▸ YOUR INSTRUCTIONS: Go to the line containing "A luxurious apartment" below; retype it and all following lines exactly, and leave out the pictures.

[Stored items]
*** Block opens ***

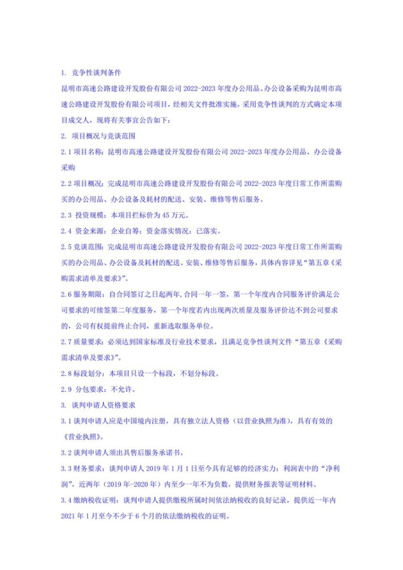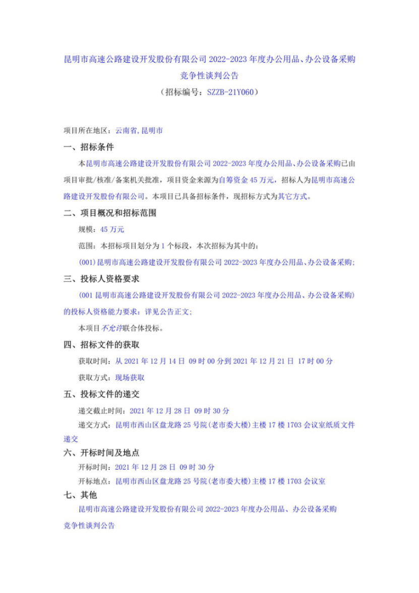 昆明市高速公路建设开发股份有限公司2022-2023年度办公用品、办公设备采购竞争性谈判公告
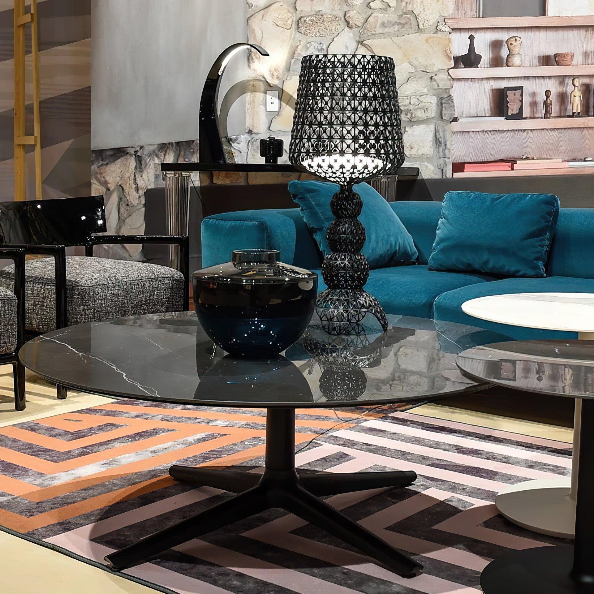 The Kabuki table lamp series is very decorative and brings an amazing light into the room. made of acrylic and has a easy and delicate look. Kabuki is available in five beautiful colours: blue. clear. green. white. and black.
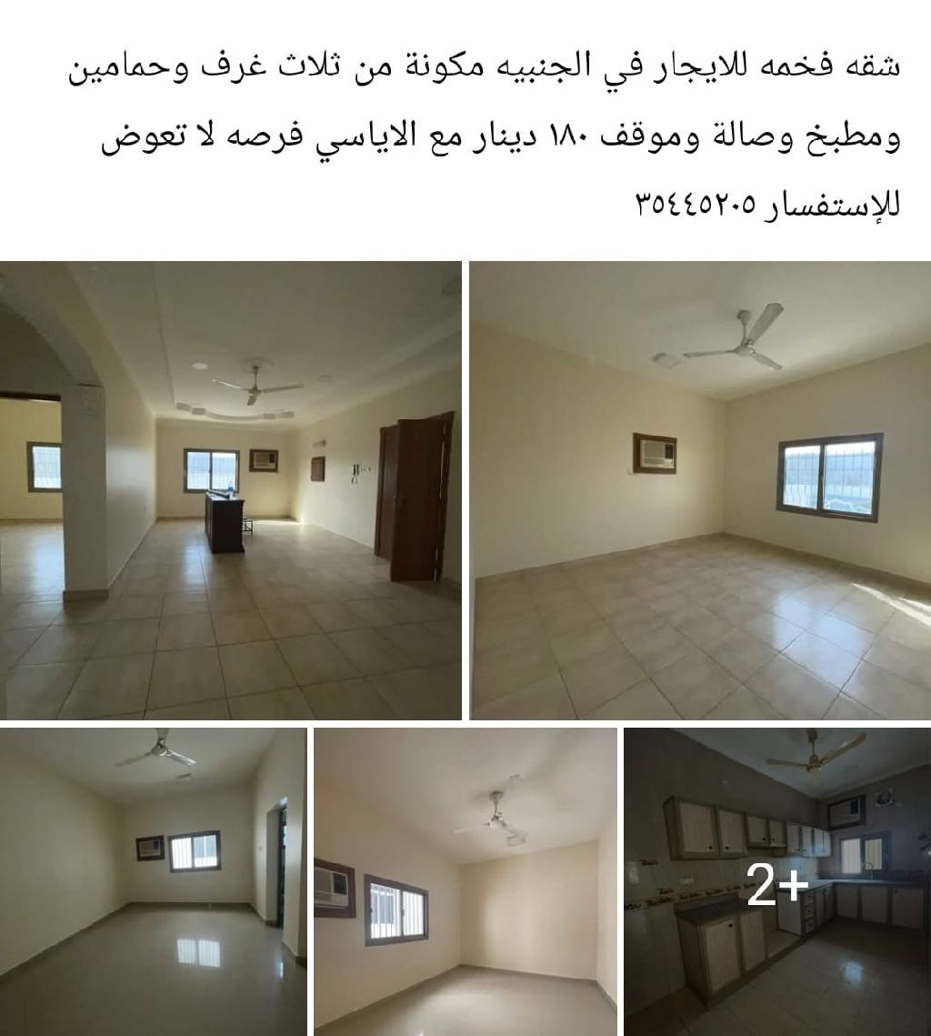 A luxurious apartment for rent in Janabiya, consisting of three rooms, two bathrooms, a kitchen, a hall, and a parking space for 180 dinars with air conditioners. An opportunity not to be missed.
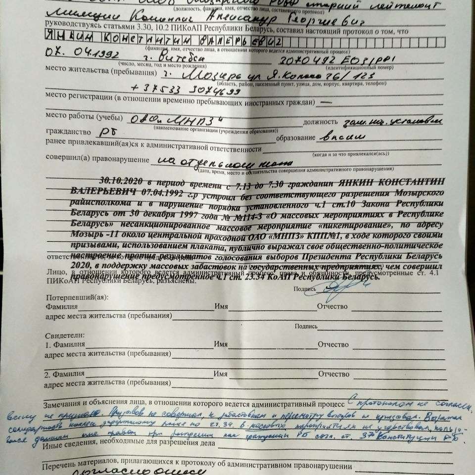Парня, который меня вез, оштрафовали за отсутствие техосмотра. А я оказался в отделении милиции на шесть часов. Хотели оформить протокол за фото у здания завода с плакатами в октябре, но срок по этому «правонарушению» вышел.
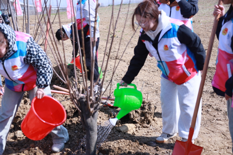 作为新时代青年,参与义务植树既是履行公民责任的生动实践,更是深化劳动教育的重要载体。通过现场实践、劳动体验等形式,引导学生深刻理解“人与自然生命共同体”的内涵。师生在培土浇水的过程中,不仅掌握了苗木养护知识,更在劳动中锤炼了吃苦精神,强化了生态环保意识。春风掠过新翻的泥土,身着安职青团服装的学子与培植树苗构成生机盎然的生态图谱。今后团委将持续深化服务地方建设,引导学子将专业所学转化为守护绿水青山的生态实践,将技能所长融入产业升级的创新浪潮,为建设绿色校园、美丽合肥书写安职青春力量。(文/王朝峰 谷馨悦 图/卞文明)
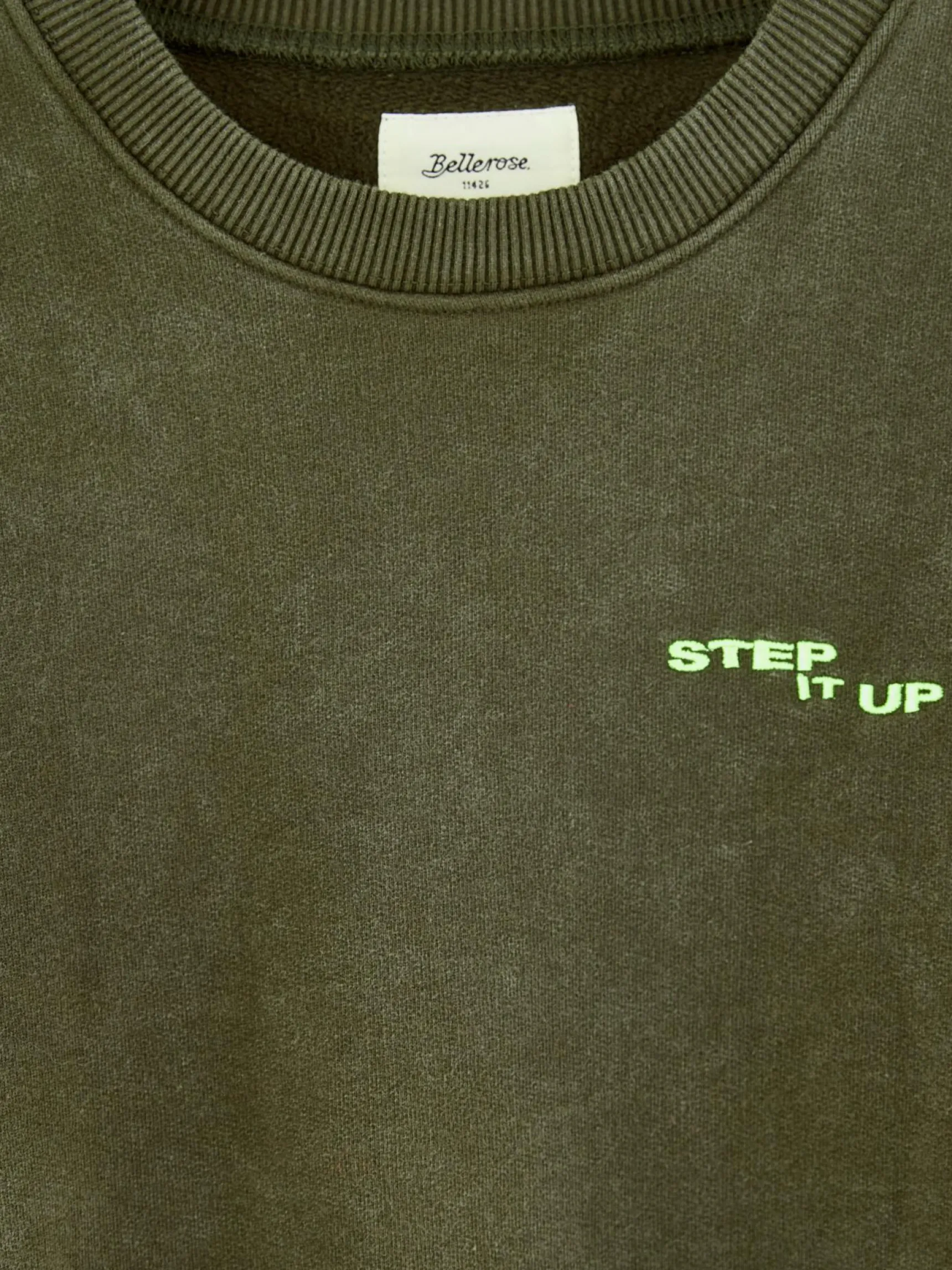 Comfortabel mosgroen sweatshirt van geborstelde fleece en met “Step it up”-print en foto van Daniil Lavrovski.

*** Block closes ***

▸ YOUR SOLUTION:
 A luxurious apartment for rent in Janabiya, consisting of three rooms, two bathrooms, a kitchen, a hall, and a parking space for 180 dinars with air conditioners. An opportunity not to be missed.
Парня, который меня вез, оштрафовали за отсутствие техосмотра. А я оказался в отделении милиции на шесть часов. Хотели оформить протокол за фото у здания завода с плакатами в октябре, но срок по этому «правонарушению» вышел.
 作为新时代青年,参与义务植树既是履行公民责任的生动实践,更是深化劳动教育的重要载体。通过现场实践、劳动体验等形式,引导学生深刻理解“人与自然生命共同体”的内涵。师生在培土浇水的过程中,不仅掌握了苗木养护知识,更在劳动中锤炼了吃苦精神,强化了生态环保意识。春风掠过新翻的泥土,身着安职青团服装的学子与培植树苗构成生机盎然的生态图谱。今后团委将持续深化服务地方建设,引导学子将专业所学转化为守护绿水青山的生态实践,将技能所长融入产业升级的创新浪潮,为建设绿色校园、美丽合肥书写安职青春力量。(文/王朝峰 谷馨悦 图/卞文明)
 Comfortabel mosgroen sweatshirt van geborstelde fleece en met “Step it up”-print en foto van Daniil Lavrovski.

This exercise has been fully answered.